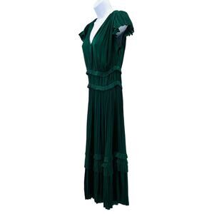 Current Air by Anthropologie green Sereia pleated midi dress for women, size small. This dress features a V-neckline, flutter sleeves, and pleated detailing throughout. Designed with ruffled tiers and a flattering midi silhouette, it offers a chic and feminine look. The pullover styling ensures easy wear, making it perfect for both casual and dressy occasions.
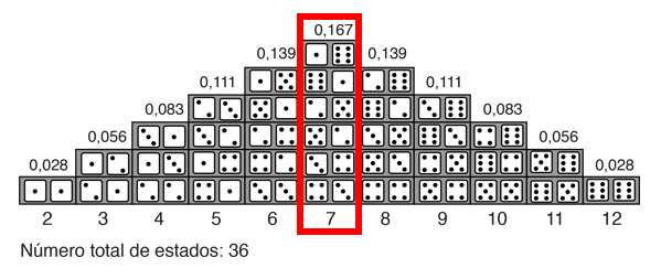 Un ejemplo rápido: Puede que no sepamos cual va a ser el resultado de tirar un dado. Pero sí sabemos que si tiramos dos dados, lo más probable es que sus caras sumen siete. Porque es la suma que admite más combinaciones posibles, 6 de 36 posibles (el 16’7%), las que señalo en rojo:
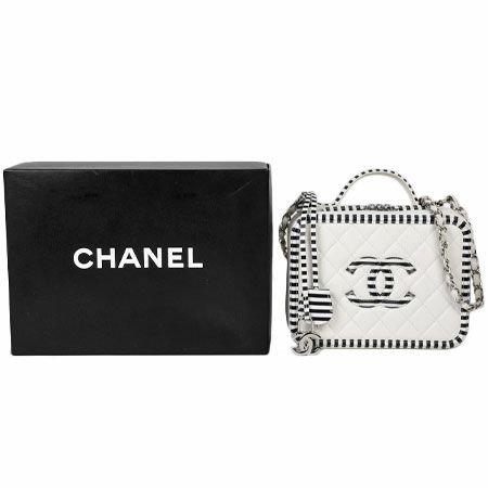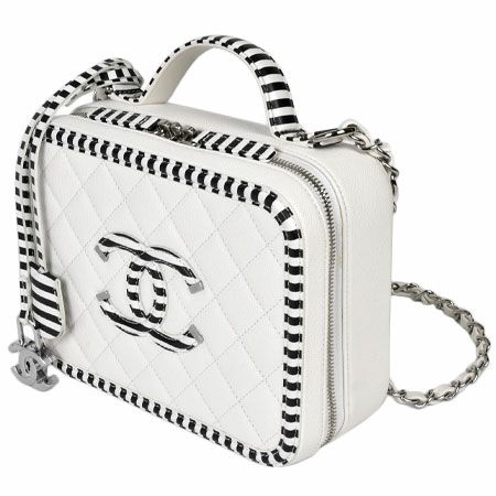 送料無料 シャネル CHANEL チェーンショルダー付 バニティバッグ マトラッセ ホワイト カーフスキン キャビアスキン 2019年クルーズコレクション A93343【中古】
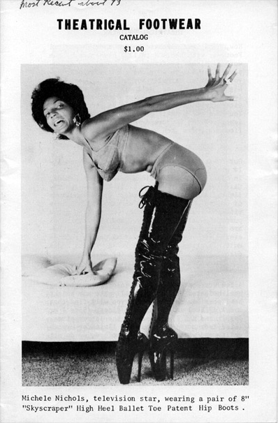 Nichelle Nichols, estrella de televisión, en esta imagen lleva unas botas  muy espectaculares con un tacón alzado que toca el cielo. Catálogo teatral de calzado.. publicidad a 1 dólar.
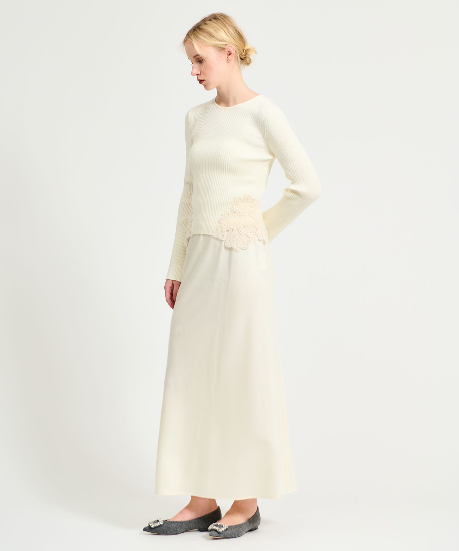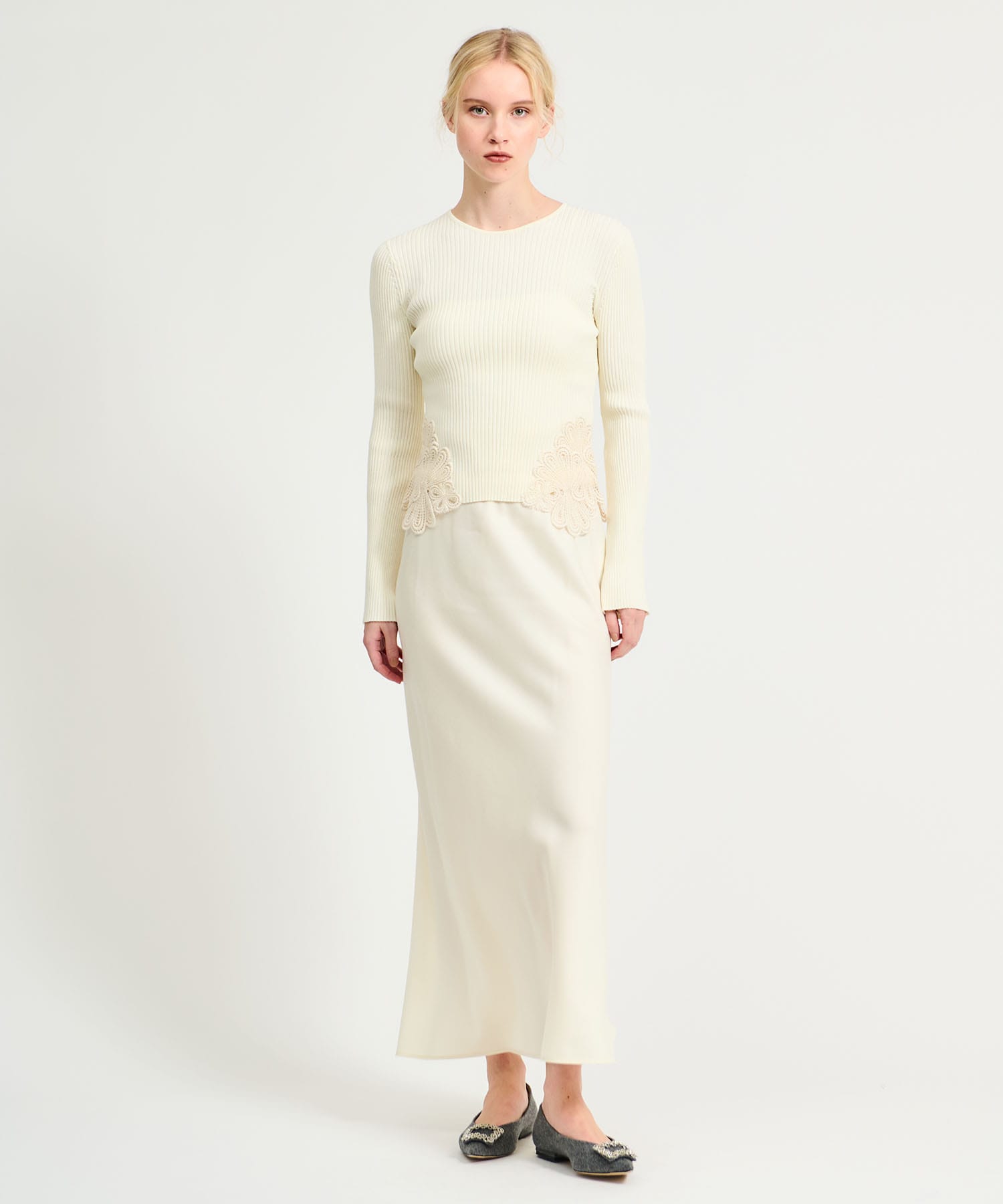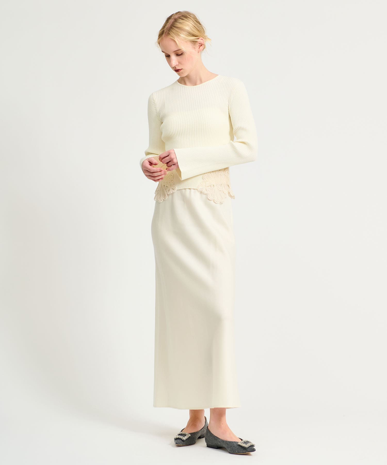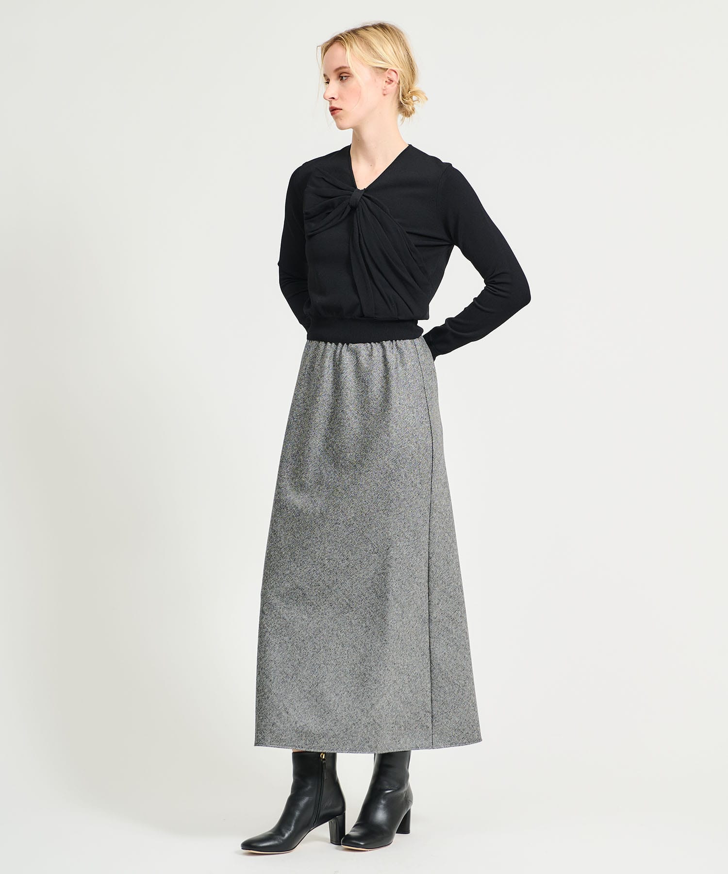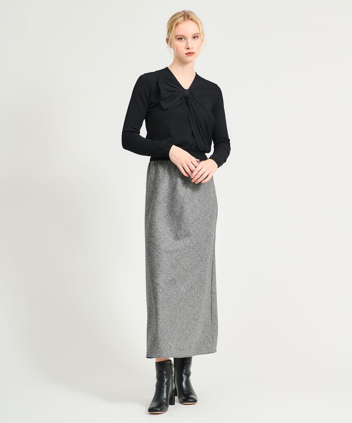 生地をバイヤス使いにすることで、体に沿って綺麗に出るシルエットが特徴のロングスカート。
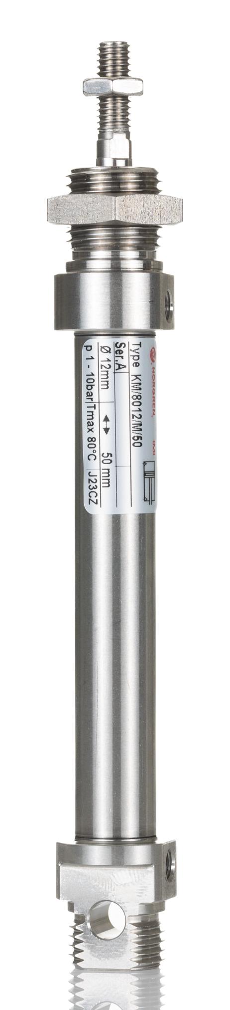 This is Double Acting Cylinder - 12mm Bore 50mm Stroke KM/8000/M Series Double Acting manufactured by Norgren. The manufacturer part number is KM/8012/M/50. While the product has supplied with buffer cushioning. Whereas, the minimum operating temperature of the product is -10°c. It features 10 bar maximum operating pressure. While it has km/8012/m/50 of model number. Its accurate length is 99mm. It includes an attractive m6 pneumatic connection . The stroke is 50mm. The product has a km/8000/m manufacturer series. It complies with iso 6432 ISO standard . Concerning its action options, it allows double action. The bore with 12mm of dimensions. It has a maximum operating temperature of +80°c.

Your task. Please set down, exactly and with no pictures, the lines in the entries above starting at the one holding "Nichelle Nichols, estrella" and ending at the one holding "生地をバイヤス使いにすること", ends included.

Exercise solution.
 Nichelle Nichols, estrella de televisión, en esta imagen lleva unas botas  muy espectaculares con un tacón alzado que toca el cielo. Catálogo teatral de calzado.. publicidad a 1 dólar.
 生地をバイヤス使いにすることで、体に沿って綺麗に出るシルエットが特徴のロングスカート。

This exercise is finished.